Woman spends life protecting final resting places of the dead

June 26, 1994|By Erik Nelson | Erik Nelson,Sun Staff Writer

When an Eastern Shore man and his elderly mother were denied access to their family graveyard in Wicomico County this month, their state delegate told them whom to call for help.

And a Carroll County family whose relatives are buried in a Garrett County cemetery that has been used as a barnyard for hogs, horses, dogs and chickens received similar advice.

In both cases, family members were directed to a 57-year-old Ellicott City woman who isn't a state government employee. But preservationists and others across the state credit her with successfully pushing legislation to prevent cemeteries from being destroyed or overtaken by development.

Barbara Sieg's commitment isn't to the living, nor even to the living who can't bear to see their family graves destroyed.

"The question is, are we our brothers' keepers in life and in death, and my answer is yes."

Ms. Sieg founded the Coalition to Protect Maryland Burial Sites Inc., and this spring the group came of age when Gov. William Donald Schaefer signed two bills sponsored by the group that will take effect Oct. 1.

One will help families gain access to old cemeteries and in turn absolve property owners of liability resulting from cemetery visits. The other will make it a misdemeanor to buy, sell or transport for profit human remains or "associated funerary objects," such as tombstones or statues, that have been looted from graveyards.

"I'm absolutely delighted. This is the first legislation to strengthen the protection of cemeteries in the state of Maryland since before 1900," said Ms. Sieg, who is continuing as co-chairwoman of the coalition's legislative committee after stepping down as president in April.

It's not that she saw her family's grave markers run over by a bulldozer, or that her ancestors' remains were dug up illegally and sloppily and irreverently reburied elsewhere. But all those things happened at a graveyard near her Ellicott City neighborhood.

In 1985, she was president of the St. John's Community Association, and all she knew about the Whipps family cemetery was that she had once told her son, Billy, not to play there because it was filled with poison ivy.

"That was the year that the association learned from neighbors on Valley Road that the old cemetery was threatened by houses that were going in around it," Ms. Sieg remembered. "It was believed that about 100 or more graves had been bulldozed or destroyed."

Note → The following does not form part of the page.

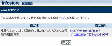 ▼リンク先URLの確認 「登録する」を押すとこの画面になります。 右側の商品URLがあなただけのURLです。コピーして保存してください。 このURLをメルマガ、ホームページで紹介頂くことにより、このリンクから入場された方は全てあなたから紹介された事になります。 このURLから入った方が情報を購入すればあなたに報酬が入ります。

When the routine desecration of graveyards becomes acceptable, she said, "society has slid morally. I think anyone would say that."

"We have just about gotten ourselves to that point," she said.

Ms. Sieg says she hasn't thought much about what part of her psyche got her involved with cemeteries, but upon contemplating that question, she recalls work she did with her grandmother.

When Ms. Sieg was about 10, her grandmother would take her along on genealogical research visits to the Daughters of the American Revolution's hall of records and the National Archives.

In fact, her two childhood pet cats were named after two ancestors who lived in the 1700s and 1800s in Virginia.

"I love history, I love gardening, I love writing and I love making things happen. All of these passions in my live have come together in the preservation of historical burial sites," Ms. Sieg said.

Atwood Barwick, a Somerset County cemetery preservationist, credits Ms. Sieg with being the prime mover of the legislation in Annapolis, tempering her almost radical fervor for preservation with a willingness to sit down with the opposition.

"I have a lot of admiration for her, I just hope she slows down," Mr. Barwick said. "Barbara is an action person. She's the kind of person who when something comes up, she jumps right on it. If she can't find somebody else to work on something, she'll do it herself.

"Without her, the whole thing wouldn't have gone anywhere."

Despite the advances made by the coalition, Ms. Sieg is concerned that materialism will outweigh morality when it comes to saving cemeteries.

"If making money's more important, you'll bulldoze a graveyard and you'll say that's just business," she said.

She's equally worried that public apathy will make it difficult to sustain the commitment to preserve cemeteries.

The coalition will continue working toward the passage of state legislation -- dropped without comment in committee this year -- that would increase penalties for graveyard desecration and would enable relatives to have a say in the relocation of a burial ground.

Among other things, the proposed legislation would authorize establishment of burial site advisory boards -- such as the one in Howard County for which Ms. Sieg successfully lobbied -- in all Maryland counties.

"I think we're going to turn the corner," Ms. Sieg said. "I hope so.

"I hope I'm going to live to see the day when I won't get calls and the coalition won't get calls like this."